In the last few days I've seen rumors that the A18 will come in two versions, the A18 which is the A17 redone on N3E, and the A18Pro which is newer.

This seems absolutely bizarre to me. I can't imagine why Apple would want to spend the time and money (quite a lot, N3E is not a shrink of N3B) redoing the layout of the A17's cores when it's also doing a new core (presumably either using the M4's, or a further improvement on that). The notion that it would spend extra money to build a worse product for segmentation purposes seems nuts. Assuming there is an A18Pro, I would expect them to segment by giving the A18Pro more GPU cores, possibly more E cores, maaaaaybe another P core. (I think they'll give both versions their best NPU - another reason I can't imagine them redoing A17.)

And then there's everything else, the "uncore" - why lay out the A17's on N3E when they're already doing the A18's?

I can, vaguely, imagine them naming the lower-end version of the A18 "A17+" or similar. But I'd bet against it.

Am I missing something here?
It’s plausible to me only if, when they designed A17, they used a ”least common denominator” set of design rules so that it would work with both processes. This seems very unlikely to me because my understanding is that Apple uses TSMC’s standard cell library instead of creating its own (at least they did as of a year or two ago).
 
My money is on one actual A18 in two variants with both a CPU and a GPU core cut on the regular version. Though I guess how much they cut is also yield dependent. 8GB ram in both to support Apple intelligences.
 
I agree that doesn’t make a lot of sense. Where did you see this? The latest rumor, with evidentiary support, seems to be that there will be one A18 chip. There is the possibility that Apple may bin said chip into separate A18 and A18Pro versions but it’ll all be A18.
Yes, I saw that article. It makes much more sense!

I no longer remember where I saw the rumor about reimplementing the A17 on N3E but it must have been either MR, AI, or their fora (though I don't spend a lot of time reading there, SNR is bad), and I think it sourced Gurman thoughit could have been Kuo or another of that ilk.
 
Yes, I saw that article. It makes much more sense!

I no longer remember where I saw the rumor about reimplementing the A17 on N3E but it must have been either MR, AI, or their fora (though I don't spend a lot of time reading there, SNR is bad), and I think it sourced Gurman thoughit could have been Kuo or another of that ilk.

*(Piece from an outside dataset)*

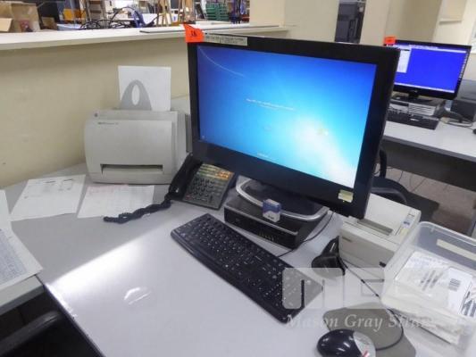 POS SYSTEM:- DESKTOP COMPUTER, HP 8000 ELITE USDT, CORE 2 DUO E8400 @ 3GHZ, 4GB RAM, 160GB HDD KEYBOARD & MOUSE, VOXSON 22" LCD/TV MONITOR, EPSON DOCKET PRINTER, BARCODE SCANNER WITH HP LASERJET 1100 LASER PRINTER

Forum denizens generally don’t understand that most of the work in designing a chip is in the physical design - generating the polygons for a particular process. Typically we got 95%-ready RTL handed to us after a month or two once the project started. After that, the RTL folks mostly dealt with bugs and with making changes requested by the physical design folks to make the damned thing implementable and fast enough. (As far as I can remember, I never wrote the actual RTL. I designed some of the ISA, then skipped right over RTL and dealt with physical implementation. Weird, now that I think about it. At Sun I probably wrote my own RTL but I was only there for a few months). Anyway, probably 80-90% of the duration of the project is iterating on the physical design. So when you get handed a new process node, there is an awful lot of work to do unless you can just uniformly shrink everything (and even then, you still have to change a lot because wire thicknesses and voltage seldom scale with the lateral geometries.)